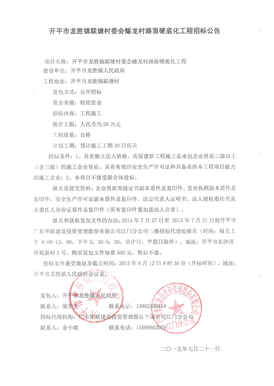 海棠直播 龙胜镇联塘村委会蟠龙村路面硬底化工程招标公告
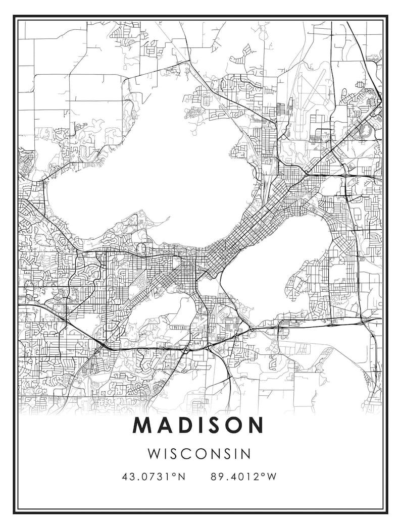 Madison Map Print Poster Canvas Madison City Map Print | Etsy, Madison, United States, United States Constitution James Madison, United States Gray
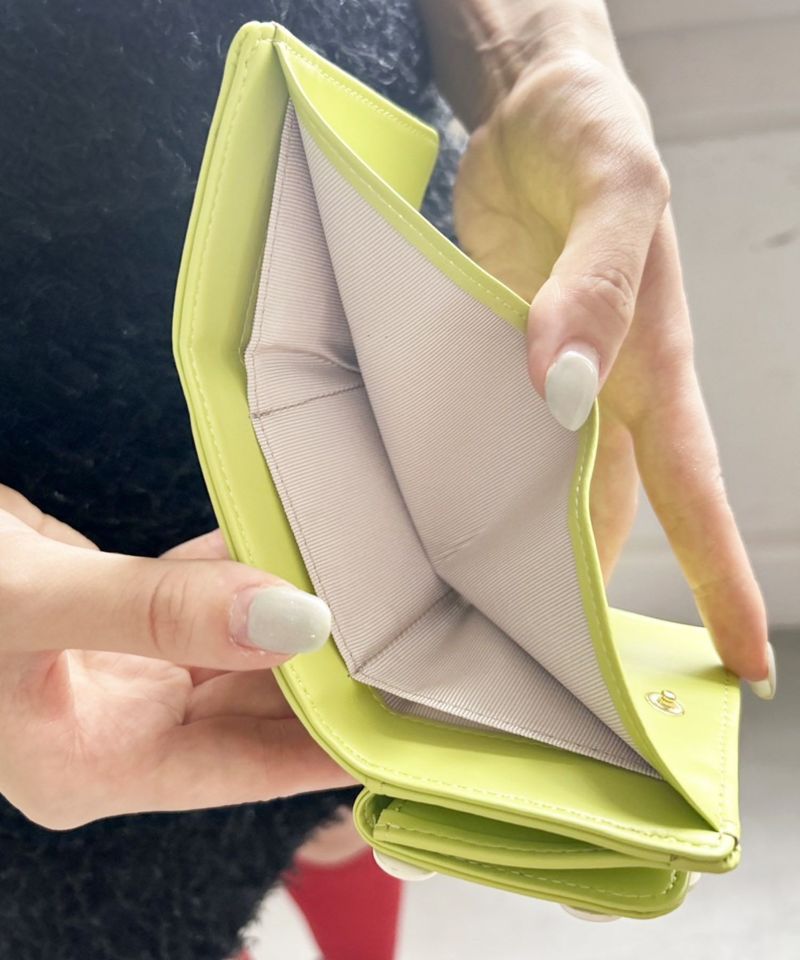 ライムグリーンが春らしくてお気に入りです。現金とカードもしっかり入るのに、コンパクトなのが嬉しいです。
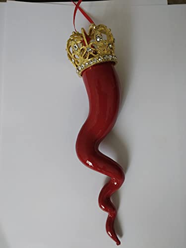 Corno cornetto portafortuna in terracotta gigante con corona in metallo (rosso con corona oro)
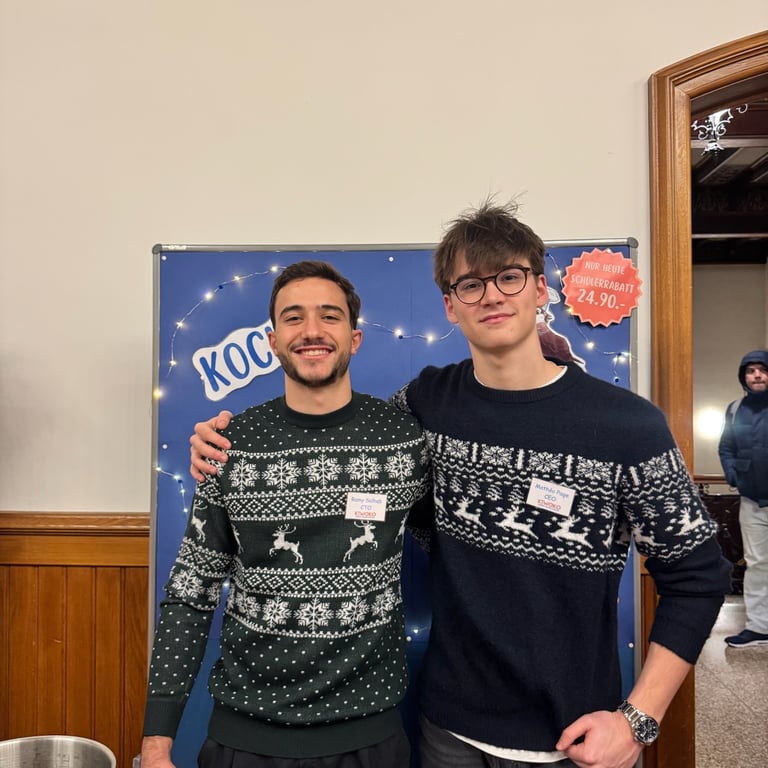 Am 12.12 fand die Hausmesse bei uns an der Alten Kanti Aarau statt. Einen ganzen Abend lang stellten wir, gemeinsam mit sieben anderen Miniunternehmen von der Kanti und der WMS, einen Stand aus. Passend zur Weihnachtszeit haben wir unsere Weihnachtspullis angezogen und verpackte Bücher angeboten. Wir konnten uns ausserdem einen Schulinternen Award für das beste Verkaufsverhalten sichern.
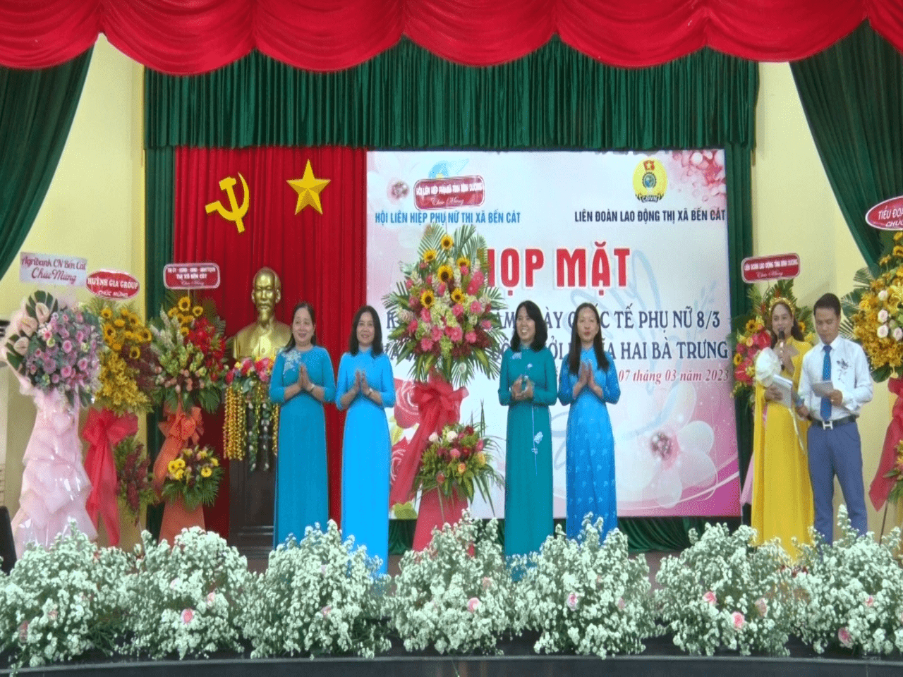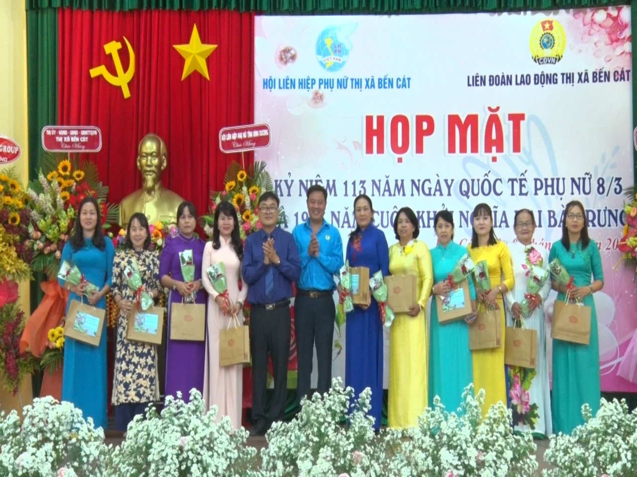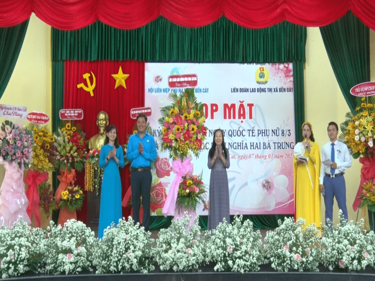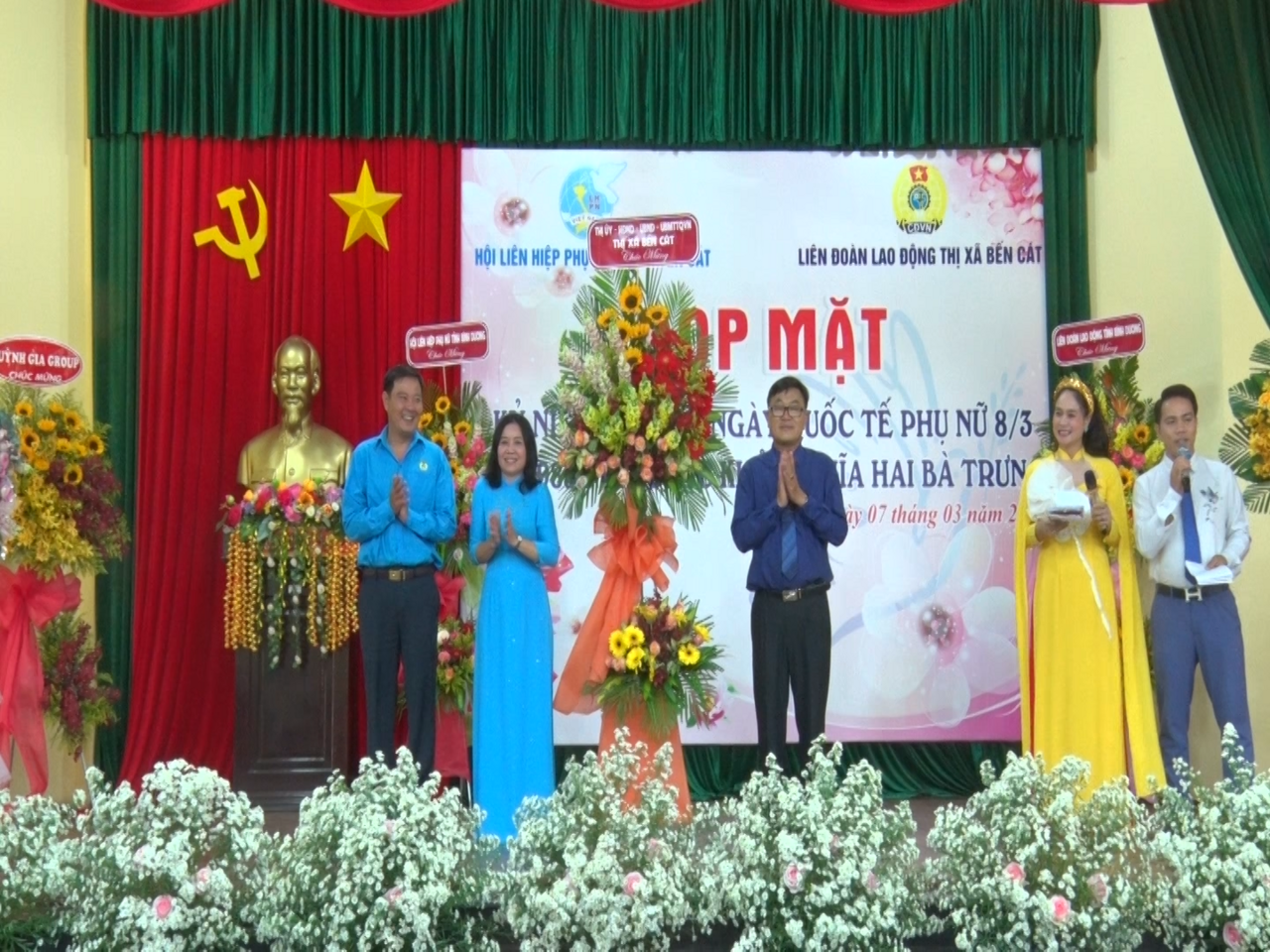 Dịp này, lãnh đạo thị xã Bến Cát gửi đến các đại biểu nữ những bó hoa, quà và lời chúc mừng nhân ngày Quốc tế phụ nữ 8/3.
········
--- TASK TO COMPLETE ---
Without the pictures, write out the listing exactly as it appears above.

--- YOUR SOLUTION ---
 海棠直播 龙胜镇联塘村委会蟠龙村路面硬底化工程招标公告
 Madison Map Print Poster Canvas Madison City Map Print | Etsy, Madison, United States, United States Constitution James Madison, United States Gray
 ライムグリーンが春らしくてお気に入りです。現金とカードもしっかり入るのに、コンパクトなのが嬉しいです。
 Corno cornetto portafortuna in terracotta gigante con corona in metallo (rosso con corona oro)
 Am 12.12 fand die Hausmesse bei uns an der Alten Kanti Aarau statt. Einen ganzen Abend lang stellten wir, gemeinsam mit sieben anderen Miniunternehmen von der Kanti und der WMS, einen Stand aus. Passend zur Weihnachtszeit haben wir unsere Weihnachtspullis angezogen und verpackte Bücher angeboten. Wir konnten uns ausserdem einen Schulinternen Award für das beste Verkaufsverhalten sichern.
 Dịp này, lãnh đạo thị xã Bến Cát gửi đến các đại biểu nữ những bó hoa, quà và lời chúc mừng nhân ngày Quốc tế phụ nữ 8/3.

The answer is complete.